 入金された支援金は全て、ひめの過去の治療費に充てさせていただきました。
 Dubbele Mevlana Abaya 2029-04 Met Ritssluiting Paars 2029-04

-------

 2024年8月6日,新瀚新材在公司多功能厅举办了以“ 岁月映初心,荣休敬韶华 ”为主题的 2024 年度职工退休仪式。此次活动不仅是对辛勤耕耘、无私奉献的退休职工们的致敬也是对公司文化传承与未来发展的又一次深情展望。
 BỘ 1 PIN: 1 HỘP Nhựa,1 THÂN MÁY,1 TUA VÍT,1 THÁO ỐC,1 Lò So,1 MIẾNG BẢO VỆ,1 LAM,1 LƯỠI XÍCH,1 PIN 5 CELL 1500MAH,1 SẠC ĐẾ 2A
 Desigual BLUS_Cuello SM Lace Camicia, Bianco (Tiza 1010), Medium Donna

-------

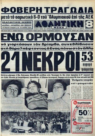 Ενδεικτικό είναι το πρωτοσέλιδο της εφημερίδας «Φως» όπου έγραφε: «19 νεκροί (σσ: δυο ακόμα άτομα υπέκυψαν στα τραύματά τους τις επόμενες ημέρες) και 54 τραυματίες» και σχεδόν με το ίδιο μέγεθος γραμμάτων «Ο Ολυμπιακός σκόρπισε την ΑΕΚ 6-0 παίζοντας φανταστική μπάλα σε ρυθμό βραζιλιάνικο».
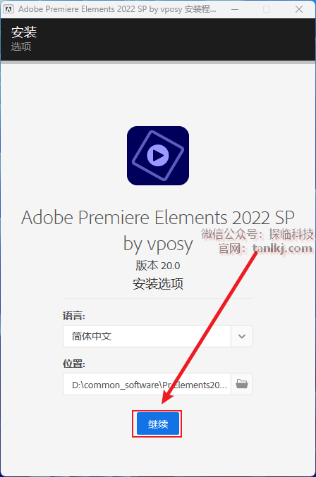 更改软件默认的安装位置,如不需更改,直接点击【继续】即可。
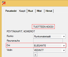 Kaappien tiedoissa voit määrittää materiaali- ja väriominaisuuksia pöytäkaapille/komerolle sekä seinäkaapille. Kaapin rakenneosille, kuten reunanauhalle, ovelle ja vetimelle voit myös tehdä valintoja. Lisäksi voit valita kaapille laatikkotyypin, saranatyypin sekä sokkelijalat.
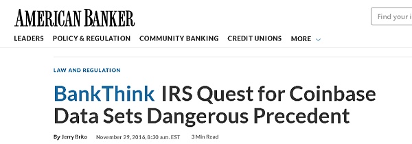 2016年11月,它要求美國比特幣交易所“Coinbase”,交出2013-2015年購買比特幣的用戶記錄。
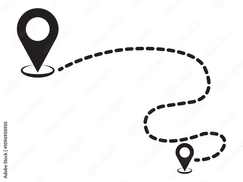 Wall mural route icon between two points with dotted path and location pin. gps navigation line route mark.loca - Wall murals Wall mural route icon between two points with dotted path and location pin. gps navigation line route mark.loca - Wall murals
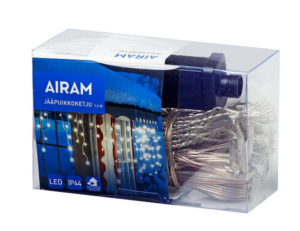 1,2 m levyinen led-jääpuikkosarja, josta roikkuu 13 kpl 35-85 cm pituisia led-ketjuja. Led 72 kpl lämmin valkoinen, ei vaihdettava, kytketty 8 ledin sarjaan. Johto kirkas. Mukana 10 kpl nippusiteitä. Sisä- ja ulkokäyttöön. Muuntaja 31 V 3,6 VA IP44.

-------

WORK TO COMPLETE:
Take the material above from the line bearing "Ενδεικτικό είναι το" through the line bearing "1,2 m levyinen" and write it out exactly, both end lines included. Pictures stay out.

EXERCISE RESPONSE:
 Ενδεικτικό είναι το πρωτοσέλιδο της εφημερίδας «Φως» όπου έγραφε: «19 νεκροί (σσ: δυο ακόμα άτομα υπέκυψαν στα τραύματά τους τις επόμενες ημέρες) και 54 τραυματίες» και σχεδόν με το ίδιο μέγεθος γραμμάτων «Ο Ολυμπιακός σκόρπισε την ΑΕΚ 6-0 παίζοντας φανταστική μπάλα σε ρυθμό βραζιλιάνικο».
 更改软件默认的安装位置,如不需更改,直接点击【继续】即可。
 Kaappien tiedoissa voit määrittää materiaali- ja väriominaisuuksia pöytäkaapille/komerolle sekä seinäkaapille. Kaapin rakenneosille, kuten reunanauhalle, ovelle ja vetimelle voit myös tehdä valintoja. Lisäksi voit valita kaapille laatikkotyypin, saranatyypin sekä sokkelijalat.
 2016年11月,它要求美國比特幣交易所“Coinbase”,交出2013-2015年購買比特幣的用戶記錄。
 Wall mural route icon between two points with dotted path and location pin. gps navigation line route mark.loca - Wall murals Wall mural route icon between two points with dotted path and location pin. gps navigation line route mark.loca - Wall murals
 1,2 m levyinen led-jääpuikkosarja, josta roikkuu 13 kpl 35-85 cm pituisia led-ketjuja. Led 72 kpl lämmin valkoinen, ei vaihdettava, kytketty 8 ledin sarjaan. Johto kirkas. Mukana 10 kpl nippusiteitä. Sisä- ja ulkokäyttöön. Muuntaja 31 V 3,6 VA IP44.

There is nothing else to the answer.